Rather than looking at the regime-oil industry through azhuz, tribe and clan prism, this thesis proposes to reintroduce to the study of the post-Soviet Central Asia the concept of corporatism as well as to build and expand on concepts of patron-clientalism and neo- patrimonial regimes (borrowed by Central Asian scholars from the African studies) which enjoyed a brief spell of interest in the 1990s but failed to make substantial inroads into a Central Asian studies.
In reference to the first point, this thesis reintroduces the concept of corporatism which – as discussed in the following sections of this chapter - was used by some leading Sovietologists in order to analysis regime-society relationships in the post-Khrushchev Soviet Union. Despite being an important and fully recognised tool of analysis corporatism was omitted by the students of post-Soviet Central Asia in favour of kinship and informal networks based explanations as the zhuz, tribes and clan driven analysis fully demonstrate. Whereas this thesis does not argue that informal politics did not play a key role in post-Soviet Kazakhstan in the 1990s, it contends however that scholars should make more use of the corporatist prism when analysing – in particular - the first years after the collapse of the Soviet regime. The institutional component of the Soviet Union was far too easily disregarded as unimportant in the aftermath of the Soviet collapse even though it can aid our understanding of the initial behaviour of the post-Soviet Kazakh regime (as this study attempts to demonstrate through the example of the oil industry). Furthermore, this thesis argues that the corporatist prism should be gradually applied in order to explain the current post-transitional period and the survival of authoritarian regimes in Central Asia. Hence while informal politics are a dominant ‘modus operandi’, students of Central Asian regimes should start paying more attention to alternative regime maintenance techniques. This thesis demonstrates that the corporatist prism – at least in the Kazakh case – to a degree explains new ways in which the regime tries to co-opt the
ever-growing oil industry related business class that is growing rich due to the sky rocketing oil prices.
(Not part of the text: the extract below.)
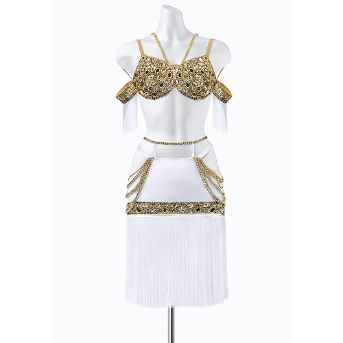 Completo da ballo latino da donna con paillettes in oro bianco: reggiseno con perline, gonna con frange e dettaglio a catena, costume da spettacolo con maniche a spalle scoperte

In reference to the second point, the following sections will demonstrate that in the 1990s, some Western scholars attempted to understand the direction into which post- Soviet Central Asia was heading by comparing it - most notably – to sub-Sahara Africa. Whereas those comparative studies made some valuable points about for example, the similarities and difference in the structure of the post-colonial states in both regions, the sub-Saharan prism did not endure for long. This thesis suggests that students of Central Asia should not neglect sub-Saharan Africa and the neo-patrimonial prism to hastily. Firstly, comparing Central Asia to sub-Sahara Africa allows us to better understand the motivations behind decisions taken at crucial junctions by the Kazakh regime. Secondly it allows us to uncover the nature of the Kazakh regime today and the course which it is pursuing.